By Kirk Maltais
Higher fertilizer prices from the war in Iran will hurt some U.S. farmers more than others, depending on where they are located and if they bought supplies ahead of the recent cost increase, analysts say.
Prices for anhydrous ammonia and urea, key ingredients for fertilizers used to grow corn and soybeans, have appreciated significantly year-over-year, with much of those gains coming after the war started in late February. Anhydrous ammonia prices have risen 39% versus this time last year, while urea prices have climbed 48%, according to assessments from research firm DTN. The uptick means that farmers that don't have all of the fertilizer they need on hand right now will need to pay significantly more for the rest.

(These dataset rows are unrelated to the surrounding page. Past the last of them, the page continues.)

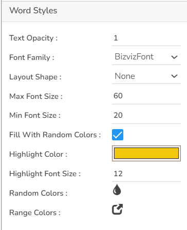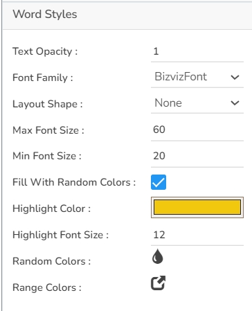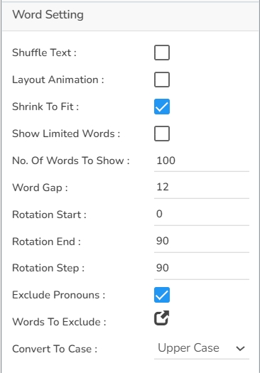This Properties help the users to configure various settings such as Shuffle Text, Layout Animation, Shrink To Fit, Show Limited Words. The users can also decide on the number of words to show, the gap to be maintained between two words, Rotation properties. It is possible to exclude the synonyms of the words that have multiple synonyms. The text case can also be selected using the Convert To Case option.
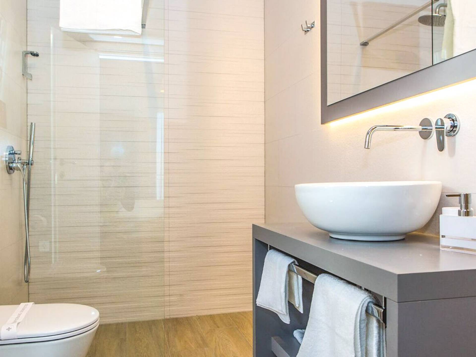 Una moderna escalera conduce al primer piso, diseñado como área de descanso con 3 dormitorios con camas dobles y baños en suite. Cada habitación de la villa está equipada con aire acondicionado y SAT-TV. Dos dormitorios comparten un balcón con vista parcial al mar.
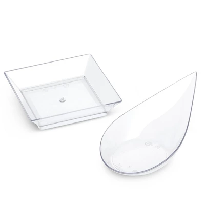 - High Quality: Our mini dessert plates and one bite appetizer spoons are made from durable clear plastic that’s sure to last throughout your entire event no matter what you’re serving
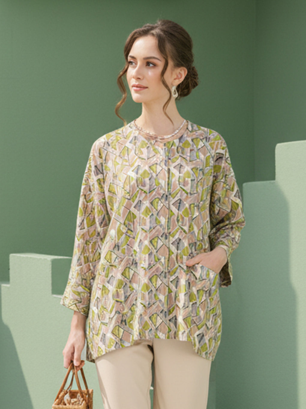 Introducing the YURI TOP the perfect addition to elevate your wardrobe. This oversized top is made with premium shantung crepe fabric, offering a luxurious cotton feel with a soft touch. Two front pockets add style and convenience, making it suitable for any occasion. Stay comfortable and chic with this expertly crafted and sophisticated top.
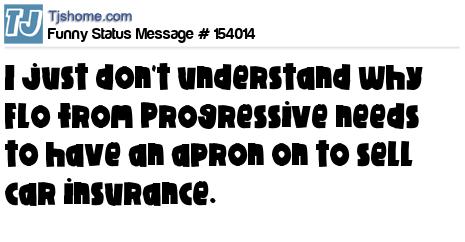 - # 175510 Why does Flo from Progressive needs to have an apron on to sell insurance. Is there something dirty about insurance we should know about?
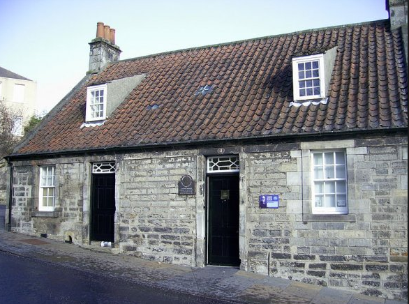 Dunfermline, Scotland, in a typical weaver’s cottage with only one main room, consisting of half the ground floor, which was shared with the neighboring weaver’s family.[7] The main room served as a living room, dining room and bedroom.[7]
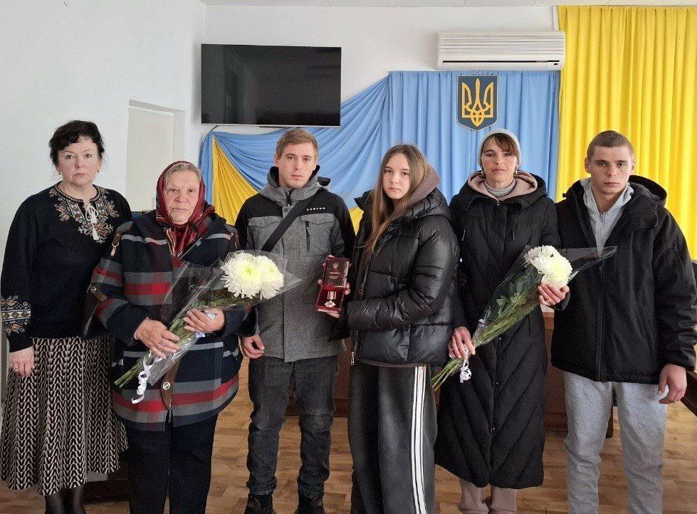 Сьогодні секретар ради Лариса Арансон державну нагороду передала дружині Героя — Тетяні Вязовській.

Around 70% of farmers nationwide say that they are unable to afford all of the fertilizer they need for 2026 crops, with nearly 60% saying that their finances are worsening this year, according to the American Farm Bureau Federation in a survey published this week.
But the survey shows a sharp divide in different farming regions. In the U.S. Corn Belt, where nearly 90% of U.S. corn was grown in 2025 and 85% of soybeans, according to data from the Department of Agriculture, far more farmers booked their orders for 2026 ahead of the start of the spring planting season than they did in the Southern states. Only 19% of AFBF survey respondents from the Southern states spanning from Virginia to Texas reported pre-booked supply.

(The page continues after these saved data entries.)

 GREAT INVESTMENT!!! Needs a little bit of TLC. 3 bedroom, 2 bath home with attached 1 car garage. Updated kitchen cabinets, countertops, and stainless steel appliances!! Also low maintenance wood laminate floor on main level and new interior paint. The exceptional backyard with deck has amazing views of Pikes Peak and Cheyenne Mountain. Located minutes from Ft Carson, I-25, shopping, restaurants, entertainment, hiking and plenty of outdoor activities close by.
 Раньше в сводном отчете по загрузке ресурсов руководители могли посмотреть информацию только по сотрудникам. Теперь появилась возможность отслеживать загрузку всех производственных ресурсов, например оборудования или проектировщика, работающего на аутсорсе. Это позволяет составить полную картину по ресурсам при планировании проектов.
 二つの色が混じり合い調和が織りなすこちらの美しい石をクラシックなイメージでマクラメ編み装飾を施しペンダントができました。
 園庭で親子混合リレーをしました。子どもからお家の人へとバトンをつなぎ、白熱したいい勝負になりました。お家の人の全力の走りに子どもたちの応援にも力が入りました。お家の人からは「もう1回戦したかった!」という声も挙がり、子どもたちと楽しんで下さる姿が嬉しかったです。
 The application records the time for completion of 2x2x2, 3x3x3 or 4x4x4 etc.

Analysts are speculating whether more-expensive fertilizer will mean weaker crop yields in the U.S., or if an increasing number of farmers will switch acres they had allotted to corn over to producing soybeans, a less fertilizer-intensive crop. The answer isn't straightforward, said Peter Meyer, principal economist with Muddy Boots Ag.
"This has become an extremely tough topic to quantify," Meyer said.
Preparations for this year's harvest in the Midwest began shortly after last year's crops were picked. Many farmers quickly pivot toward their budgets for the next year, including paying off operating loans from the prior season and locking into new operating loans for the coming spring.
Many get the supplies they need at this time as well. "I think the vast majority of corn farmers made their corn planting decisions in the fall, bought their seeds, and treated their fields in the autumn," said Sal Gilbertie, president of Teucrium Trading. "So the corn heavy places have only an issue of early planting season 'side dressing' when they apply another bit of fertilizer."
For these farmers, fertilizer is only one of many other inputs that are more expensive this year. Fuel costs jumped, farm labor is harder to come by and new equipment from suppliers like Deere remains prohibitively expensive for farmers who didn't make a profit on their planted acres in 2025, and don't stand to again in 2026.
This is one reason that the USDA expects planted corn acreage this year to decrease from a record-high in 2025, while soybean acreage looks to increase. In a report last month, the USDA projected farmers to plant 95.3 million acres of corn, along with 84.7 million acres of soybeans.
Analysts say the change in acreage has already been priced into futures trading on the Chicago Board of Trade, as have higher fertilizer costs. But if shipments on the Strait of Hormuz remain snarled through the summer with a war dragging on, then farmers across the board may find themselves vulnerable to higher prices when they get ready for planting in 2027.
"The longer this closure goes on though, we will see higher prices in 2027 futures prices," said Joe Davis, director of commodity sales with Chicago-based Futures International.